> Work task:
Write back every line of the listing exactly, excluding images.

> Exercise data:
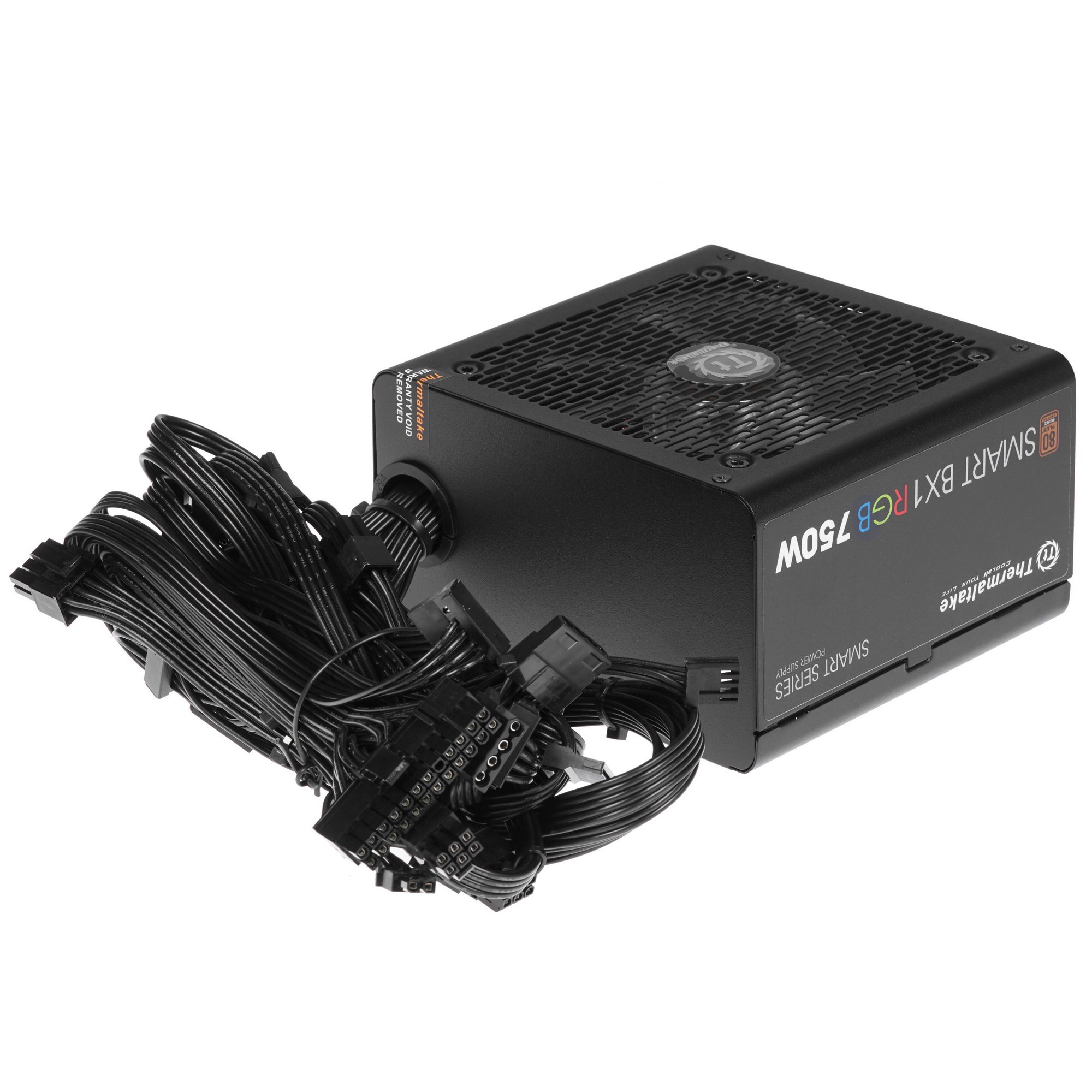 Блок питания Thermaltake Smart BX1 RGB 750W [PS-SPR-0750NHSABE-1] – один из важных компонентов компьютерной сборки. Необходим он для обеспечения комплектующих электрической энергией. БП имеет сертификат 80 PLUS Bronze. У него высокий КПД, а при трансформации электрического тока потери небольшие.
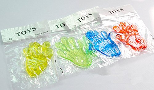 -. Feature : Material: Poly Ethylene. / Color: Random colors / Package includes 30 sticky hands of 5 different colors / FLEXIBLE- Our toy sticky hands are super flexible and can stretch up to double its size. kids will loves flinging them and stretching them over and over again. / Great paint splatter or party props for kids.
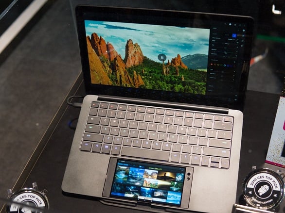 عرضت شركة ريرز مفهوماً مبتكراً لكمبيوتر المستقبل الذي يدمج الهاتف واللاب توب معاً في جهاز واحد، من خلال قاعدة إرساء تحول هاتف ريرز إلى لاب توب بشاشة عرض قياس 13.3 بوصة ولوحة مفاتيح، بالإضافة إلى شحن الهاتف أثناء استخدامه.

> Response to the exercise:
 Блок питания Thermaltake Smart BX1 RGB 750W [PS-SPR-0750NHSABE-1] – один из важных компонентов компьютерной сборки. Необходим он для обеспечения комплектующих электрической энергией. БП имеет сертификат 80 PLUS Bronze. У него высокий КПД, а при трансформации электрического тока потери небольшие.
 -. Feature : Material: Poly Ethylene. / Color: Random colors / Package includes 30 sticky hands of 5 different colors / FLEXIBLE- Our toy sticky hands are super flexible and can stretch up to double its size. kids will loves flinging them and stretching them over and over again. / Great paint splatter or party props for kids.
 عرضت شركة ريرز مفهوماً مبتكراً لكمبيوتر المستقبل الذي يدمج الهاتف واللاب توب معاً في جهاز واحد، من خلال قاعدة إرساء تحول هاتف ريرز إلى لاب توب بشاشة عرض قياس 13.3 بوصة ولوحة مفاتيح، بالإضافة إلى شحن الهاتف أثناء استخدامه.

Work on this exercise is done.